My first industrial application with a PIC (BS2 actually) was back in 2000. The control panel is out side in the ambient Temperatures of SW Arizona. 120 F in the shade in the summer. The machine runs 6 days a week for 10 to 12 hours a day. Still going strong.

The only time I ever had a hot PIC was...well I do not like to talk about it :)

You'll become a guaranteed billionaire if you can come up with a way to control the flow of electrons without wasting them (given off in the form of heat) -- which is once again what kills components. Many argue that it's not possible :( I don't know enough about science to give an opinion. But then again it is said that if anyone ever does it then most of the theories will need to be rewritten.

You'll become a guaranteed billionaire if you can come up with a way to control the flow of electrons without wasting them (given off in the form of heat) -- which is once again what kills components. Many argue that it's not possible :( I don't know enough about science to give an opinion. But then again it is said that if anyone ever does it then most of the theories will need to be rewritten.

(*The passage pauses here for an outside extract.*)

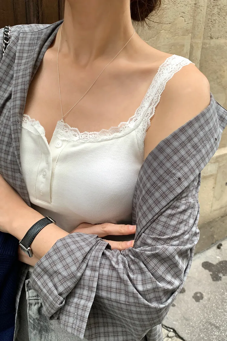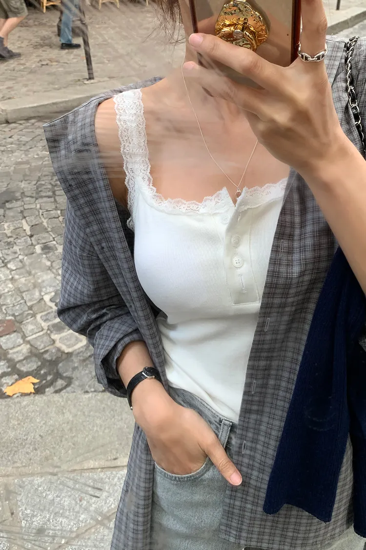25-10H508細緻蕾絲滾邊開釦Bra Top

My point was that if a PIC will last whatever the advertised time frame is at max speed. Then we say double that by slowing it down. I know I will not be around that long. So if the only reason to slow it down is to get more life, then why bother.

You're absolutely correct bud. I think mister_e needs to go back and hit the books on some relatively "simple" stuff.

Feel better now ? :D

Feel better now ? :D

It's hard to argue that one isn't it? I don't go out of my way looking to pick people up on their errors, but I just couldn't ignore your comment, because it goes against the very foundation on which electronics is taught. You will never have a true appreciate of electronics without it. Just tell yourself that is was a typo -- because I do indeed believe that you are crafted with this "appreciation" and just happened to have overlooked it this time. My reasoning for saying this is because you haven't argued it.

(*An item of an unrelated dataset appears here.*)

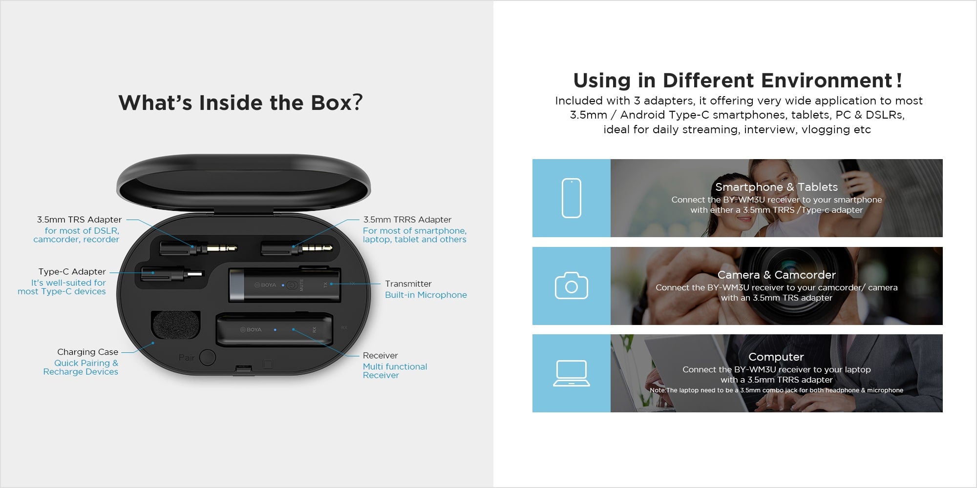 BY-WM3U is designed with a Type-C charging carry case that provides vital protection for storage and transit but also provides a rechargeable 1000mAh internal battery allowing you to charge your system anywhere. Perfect for creators who are always on the go, and don’t need to worry about no power. You can even charge the storage case with a USB power bank, isn’t it convenient? One-time full charging can support the transmitter/receiver to continue working 4.5 hours/ 8 hours.

Dave, I have never seen a max life value from Microchip for a PIC - do you have a reference for this?

Trent, I have never seen reference to microchip PIC life reduction if run at the high end of datasheet-listed allowed speeds (or voltages for that matter). Can you provide reference to this?

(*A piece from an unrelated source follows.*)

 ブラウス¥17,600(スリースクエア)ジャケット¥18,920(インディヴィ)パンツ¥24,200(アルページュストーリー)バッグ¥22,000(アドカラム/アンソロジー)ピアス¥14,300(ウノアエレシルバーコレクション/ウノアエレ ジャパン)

Trent, Would Einstein not have been correct with his theory of relativity if he had been challenged and had not replied? (ref: TRENT - My reasoning for saying this is because you haven't argued it.)

Trent, I have never seen reference to microchip PIC life reduction if run at the high end of datasheet-listed allowed speeds (or voltages for that matter). Can you provide reference to this?

You sound like my university tutor marking me down in an assignment for not referencing something in an essay. Best I could do is hand you a 300pg text book on basic electronics and let you decide for yourself as to whether or not there is questionable truth in what I'm saying. I say this because there is no one paragraph, or even just a couple of pages that could be used to support it. You need the whole book, even then you may not conclude that what I'm saying is true.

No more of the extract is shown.